** DATASET RECORDS follows **
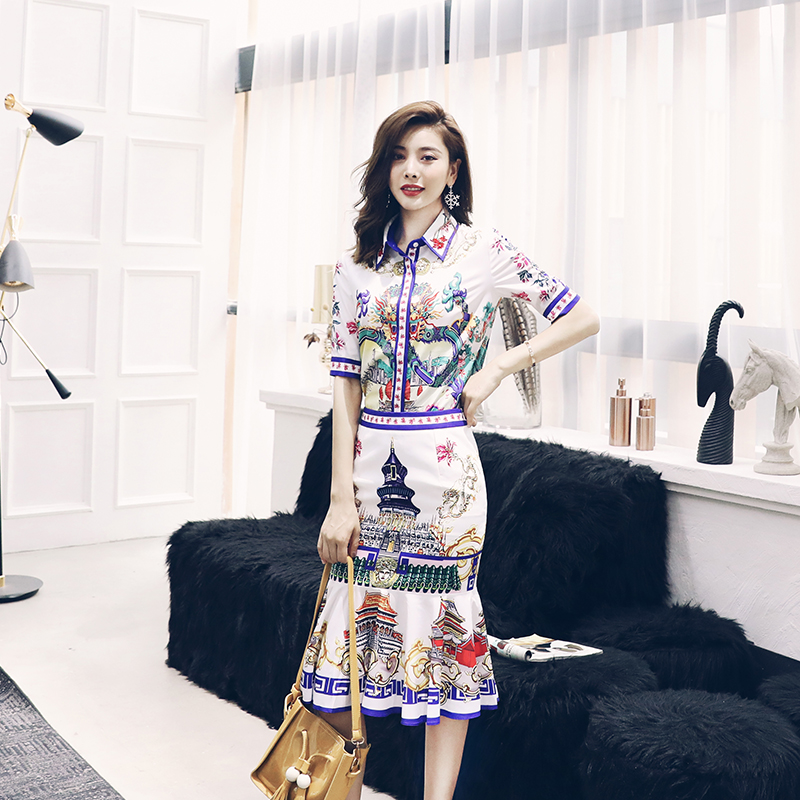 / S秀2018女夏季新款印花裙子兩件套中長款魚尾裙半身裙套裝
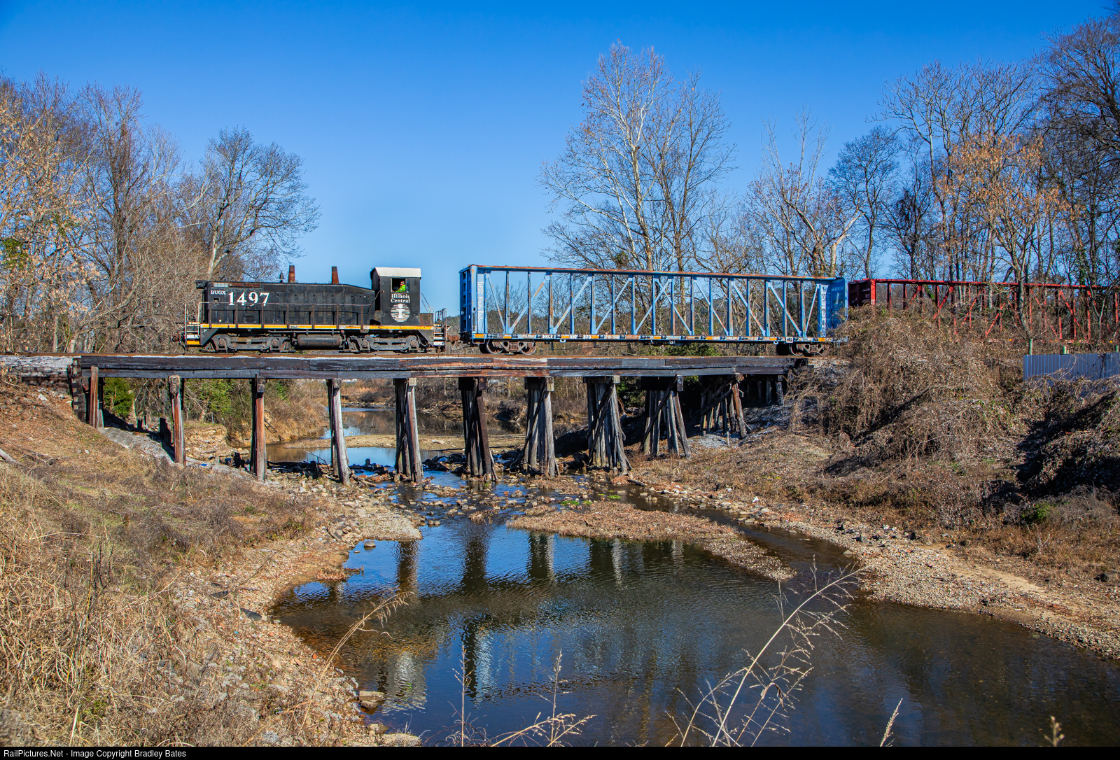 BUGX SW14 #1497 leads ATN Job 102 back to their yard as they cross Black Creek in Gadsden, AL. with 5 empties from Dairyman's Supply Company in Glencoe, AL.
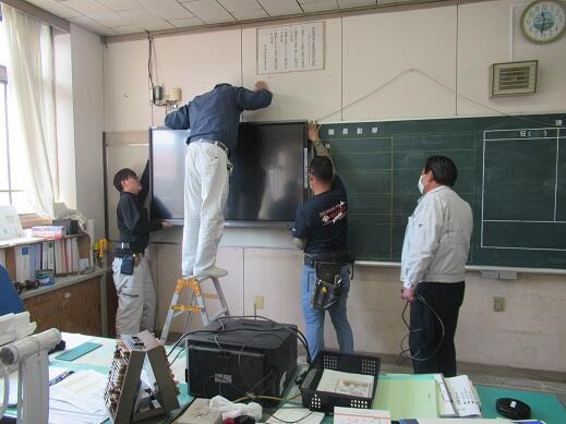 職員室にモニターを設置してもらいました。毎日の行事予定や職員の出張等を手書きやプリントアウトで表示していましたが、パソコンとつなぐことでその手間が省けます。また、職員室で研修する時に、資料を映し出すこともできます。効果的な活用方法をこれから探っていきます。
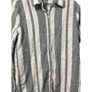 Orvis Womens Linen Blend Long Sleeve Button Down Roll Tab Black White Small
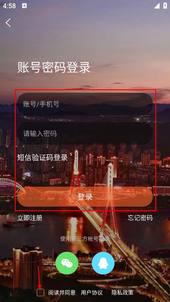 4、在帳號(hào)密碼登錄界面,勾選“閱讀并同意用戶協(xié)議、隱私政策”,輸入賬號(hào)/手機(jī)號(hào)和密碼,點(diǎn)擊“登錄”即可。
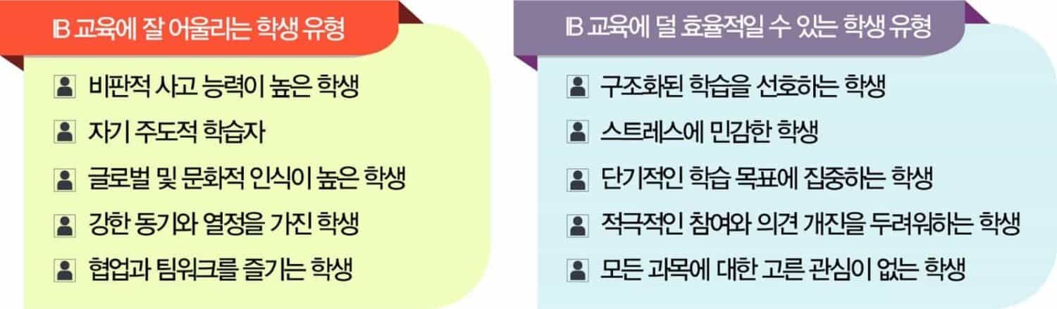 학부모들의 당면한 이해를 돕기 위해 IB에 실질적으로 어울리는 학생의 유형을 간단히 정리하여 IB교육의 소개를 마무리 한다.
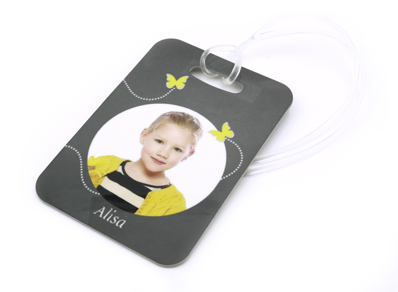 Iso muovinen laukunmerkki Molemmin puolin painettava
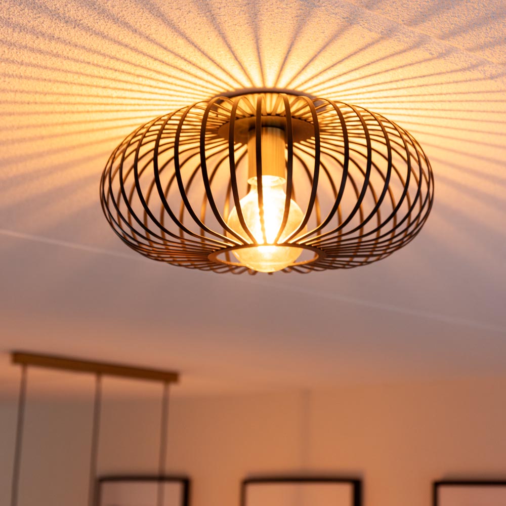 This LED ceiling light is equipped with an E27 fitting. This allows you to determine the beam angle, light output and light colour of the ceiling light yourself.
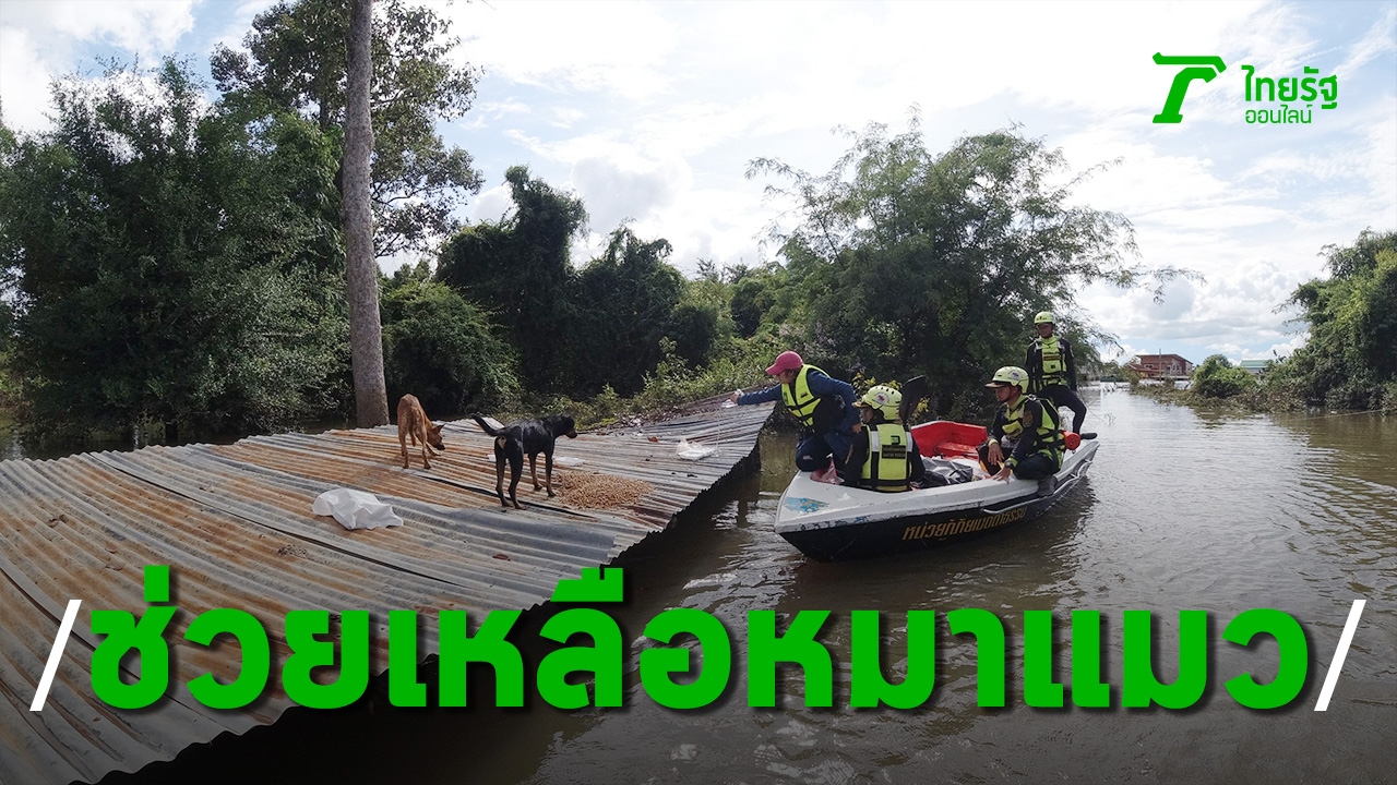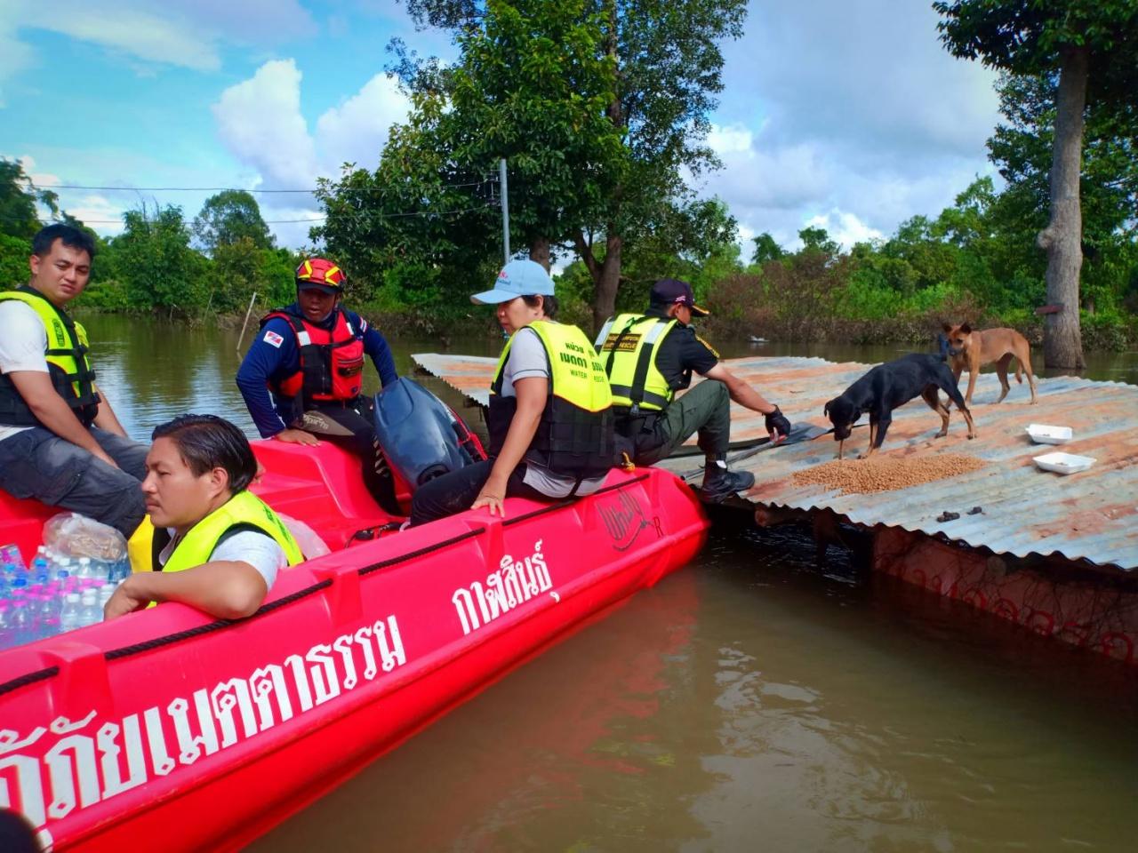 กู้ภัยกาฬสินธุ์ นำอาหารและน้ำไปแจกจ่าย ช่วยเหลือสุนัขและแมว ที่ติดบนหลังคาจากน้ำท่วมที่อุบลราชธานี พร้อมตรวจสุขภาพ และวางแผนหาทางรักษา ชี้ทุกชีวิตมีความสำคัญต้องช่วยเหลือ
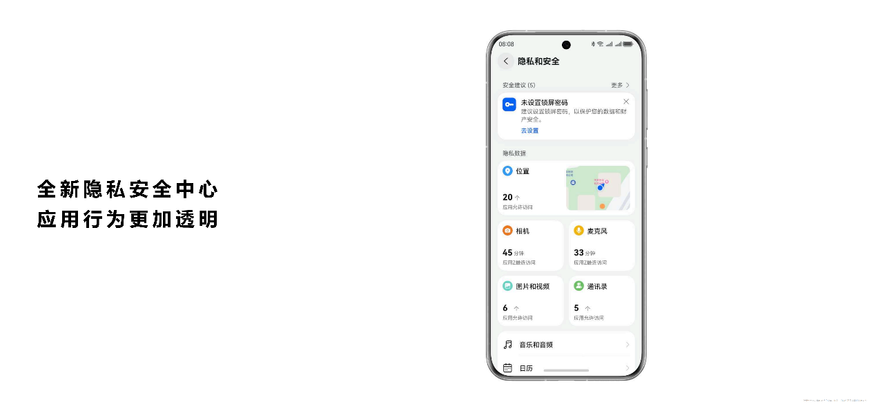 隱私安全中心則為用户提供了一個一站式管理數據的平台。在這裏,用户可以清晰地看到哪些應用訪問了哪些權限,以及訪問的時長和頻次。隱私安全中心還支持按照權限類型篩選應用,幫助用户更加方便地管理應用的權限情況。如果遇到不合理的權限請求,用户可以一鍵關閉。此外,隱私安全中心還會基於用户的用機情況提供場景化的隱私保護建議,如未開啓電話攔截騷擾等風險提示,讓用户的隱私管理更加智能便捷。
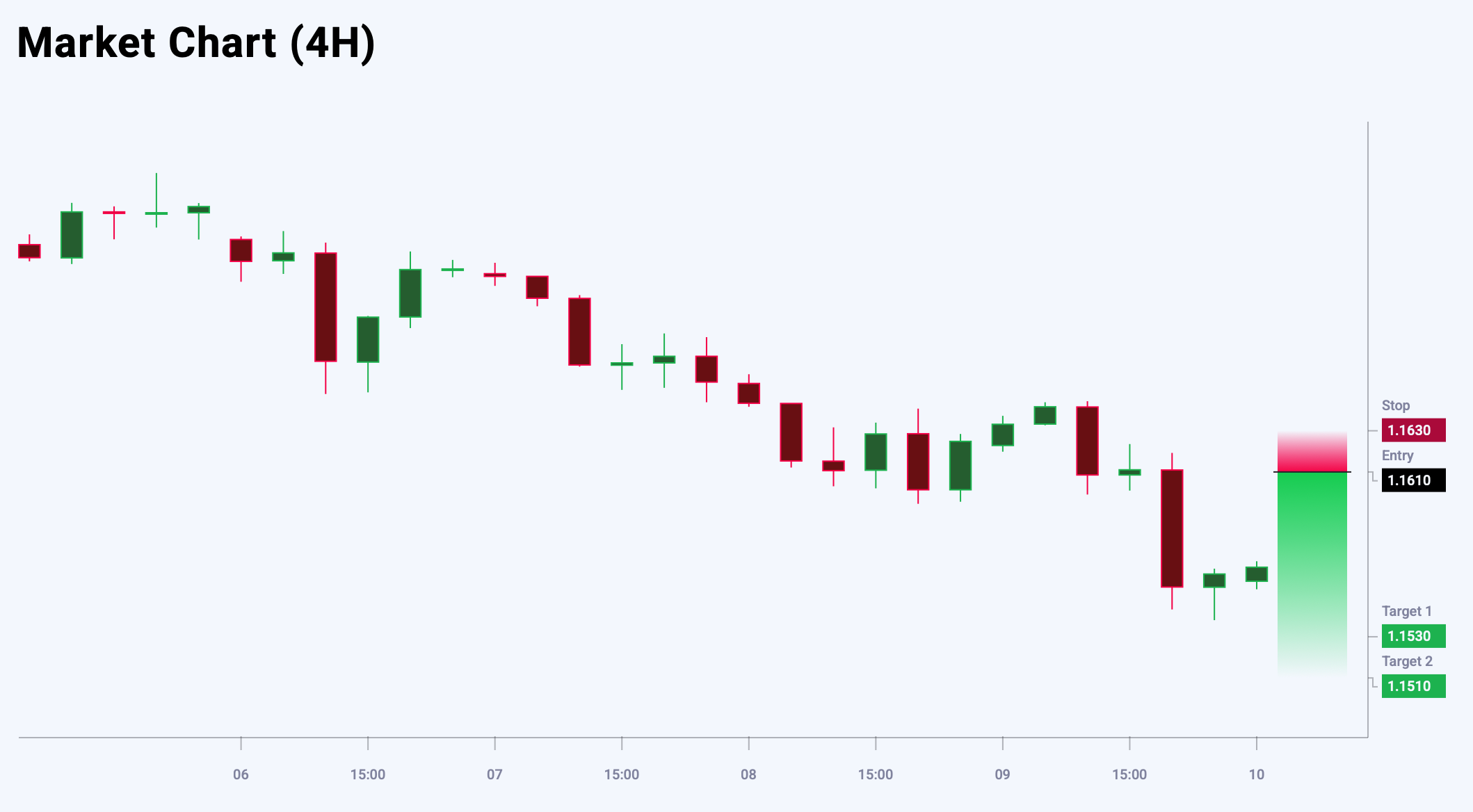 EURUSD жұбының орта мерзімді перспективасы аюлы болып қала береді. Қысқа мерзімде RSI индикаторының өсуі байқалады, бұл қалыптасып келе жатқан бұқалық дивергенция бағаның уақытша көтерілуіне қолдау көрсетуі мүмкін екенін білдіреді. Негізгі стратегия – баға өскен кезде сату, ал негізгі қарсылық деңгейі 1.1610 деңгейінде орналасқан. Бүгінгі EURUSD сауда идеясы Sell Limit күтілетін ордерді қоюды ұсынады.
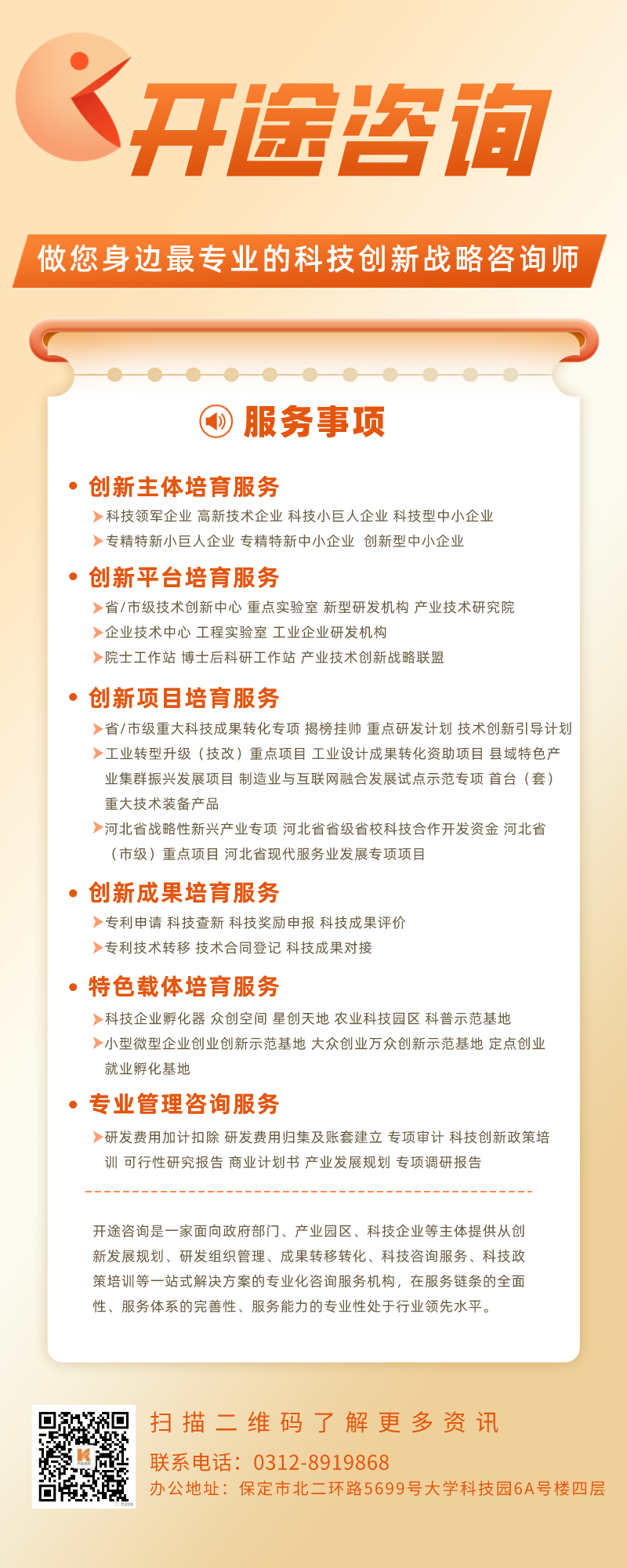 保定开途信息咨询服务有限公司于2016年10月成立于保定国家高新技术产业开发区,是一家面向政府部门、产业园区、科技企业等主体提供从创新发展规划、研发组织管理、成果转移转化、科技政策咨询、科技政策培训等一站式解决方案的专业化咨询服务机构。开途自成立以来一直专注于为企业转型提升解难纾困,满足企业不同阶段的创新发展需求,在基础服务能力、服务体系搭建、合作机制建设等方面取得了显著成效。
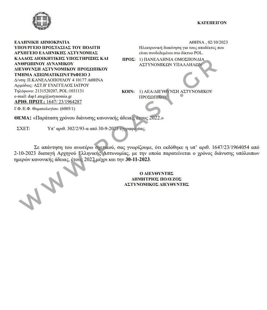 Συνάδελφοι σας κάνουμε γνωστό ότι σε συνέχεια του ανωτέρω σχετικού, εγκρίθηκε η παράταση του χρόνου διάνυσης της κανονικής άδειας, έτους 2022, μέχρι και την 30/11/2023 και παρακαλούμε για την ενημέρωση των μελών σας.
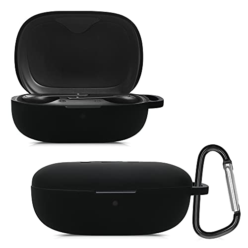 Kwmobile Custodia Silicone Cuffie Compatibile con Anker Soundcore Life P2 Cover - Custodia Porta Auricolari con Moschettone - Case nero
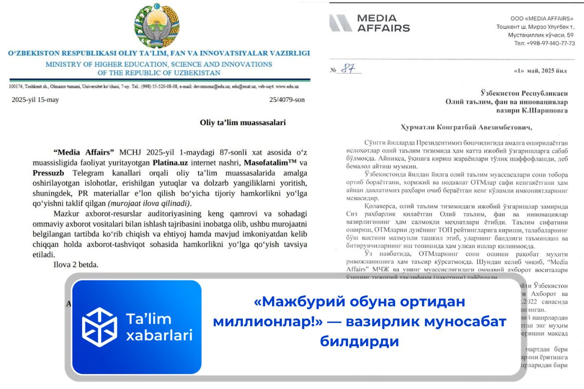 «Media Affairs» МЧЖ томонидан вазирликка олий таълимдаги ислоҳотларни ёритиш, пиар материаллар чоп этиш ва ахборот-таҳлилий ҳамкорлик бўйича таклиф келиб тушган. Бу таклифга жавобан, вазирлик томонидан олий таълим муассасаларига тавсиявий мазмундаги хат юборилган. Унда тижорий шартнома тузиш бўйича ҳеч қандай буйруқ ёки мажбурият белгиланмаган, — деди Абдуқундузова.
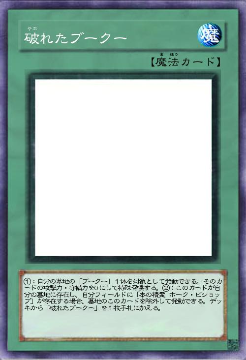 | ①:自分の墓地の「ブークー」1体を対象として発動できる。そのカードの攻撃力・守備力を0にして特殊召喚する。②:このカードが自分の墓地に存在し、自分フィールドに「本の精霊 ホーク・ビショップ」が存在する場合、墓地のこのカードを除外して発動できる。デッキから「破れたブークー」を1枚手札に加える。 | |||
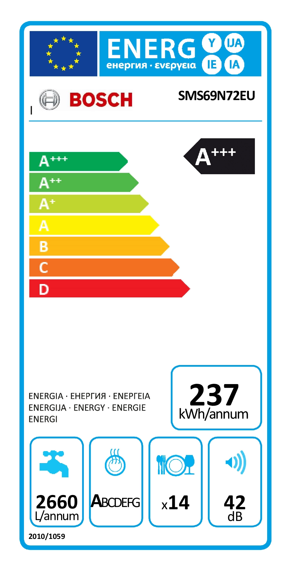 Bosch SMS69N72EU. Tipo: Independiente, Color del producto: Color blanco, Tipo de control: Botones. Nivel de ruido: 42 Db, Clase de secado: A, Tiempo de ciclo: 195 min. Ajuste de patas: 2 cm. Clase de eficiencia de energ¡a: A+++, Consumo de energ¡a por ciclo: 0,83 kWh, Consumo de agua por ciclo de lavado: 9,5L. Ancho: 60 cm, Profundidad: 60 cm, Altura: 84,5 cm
** End of DATASET RECORDS **
#### TASK PROMPT:
Everything above from the line with "Iso muovinen laukunmerkki" through the line with "กู้ภัยกาฬสินธุ์ นำอาหารและน้ำไปแจกจ่าย ช่วยเหลือสุนัขและแมว" should be retyped exactly, and nothing else; omit pictures.

#### ANSWER SECTION:
 Iso muovinen laukunmerkki Molemmin puolin painettava
 This LED ceiling light is equipped with an E27 fitting. This allows you to determine the beam angle, light output and light colour of the ceiling light yourself.
 กู้ภัยกาฬสินธุ์ นำอาหารและน้ำไปแจกจ่าย ช่วยเหลือสุนัขและแมว ที่ติดบนหลังคาจากน้ำท่วมที่อุบลราชธานี พร้อมตรวจสุขภาพ และวางแผนหาทางรักษา ชี้ทุกชีวิตมีความสำคัญต้องช่วยเหลือ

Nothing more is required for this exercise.